Required action
The whole listing below is to be copied exactly, with every picture left out.

Recorded data

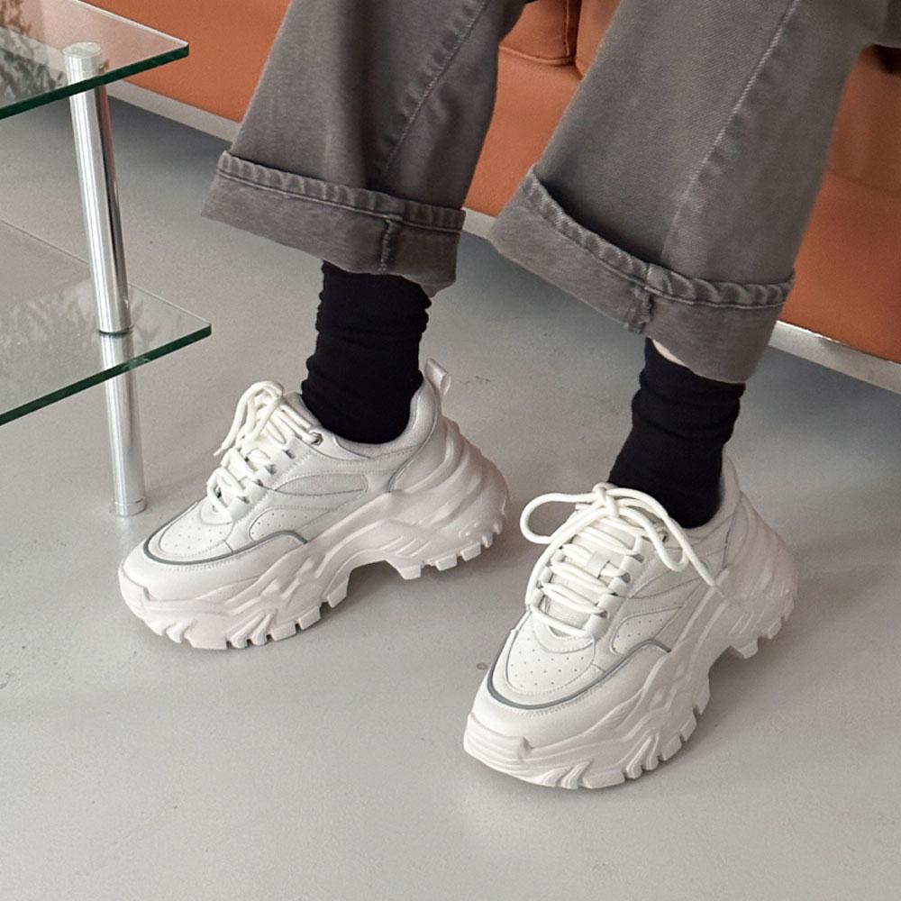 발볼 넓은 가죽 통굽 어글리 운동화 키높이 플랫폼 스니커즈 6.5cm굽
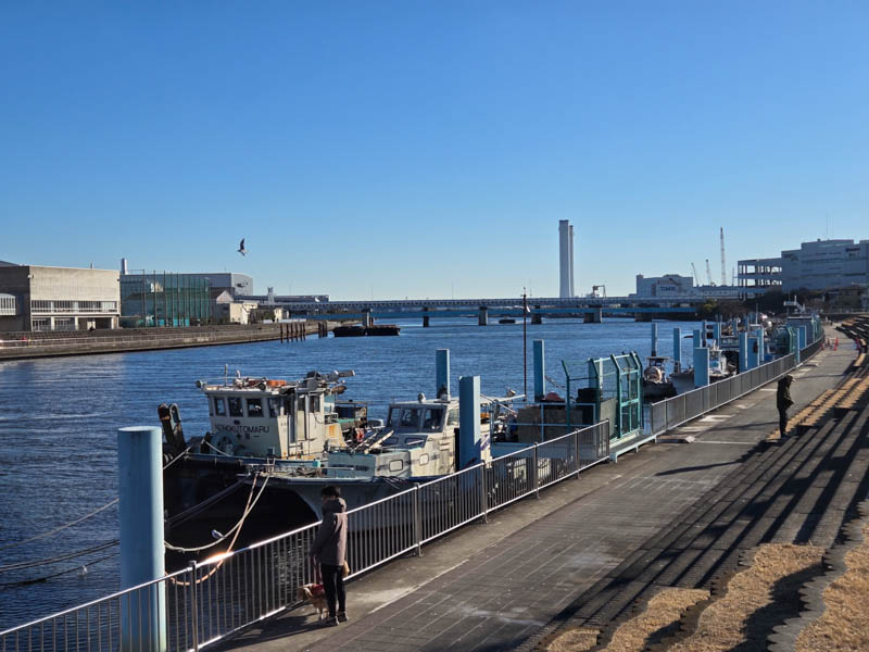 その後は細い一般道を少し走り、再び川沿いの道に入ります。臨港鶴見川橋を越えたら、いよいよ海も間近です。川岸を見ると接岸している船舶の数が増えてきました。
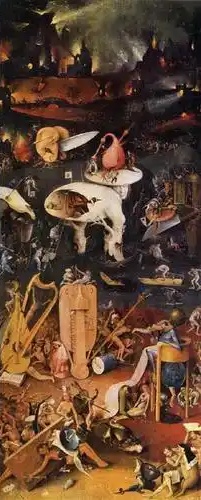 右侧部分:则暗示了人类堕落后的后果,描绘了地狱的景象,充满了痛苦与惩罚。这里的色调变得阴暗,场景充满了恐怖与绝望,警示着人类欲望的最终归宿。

The completed task
 발볼 넓은 가죽 통굽 어글리 운동화 키높이 플랫폼 스니커즈 6.5cm굽
 その後は細い一般道を少し走り、再び川沿いの道に入ります。臨港鶴見川橋を越えたら、いよいよ海も間近です。川岸を見ると接岸している船舶の数が増えてきました。
 右侧部分:则暗示了人类堕落后的后果,描绘了地狱的景象,充满了痛苦与惩罚。这里的色调变得阴暗,场景充满了恐怖与绝望,警示着人类欲望的最终归宿。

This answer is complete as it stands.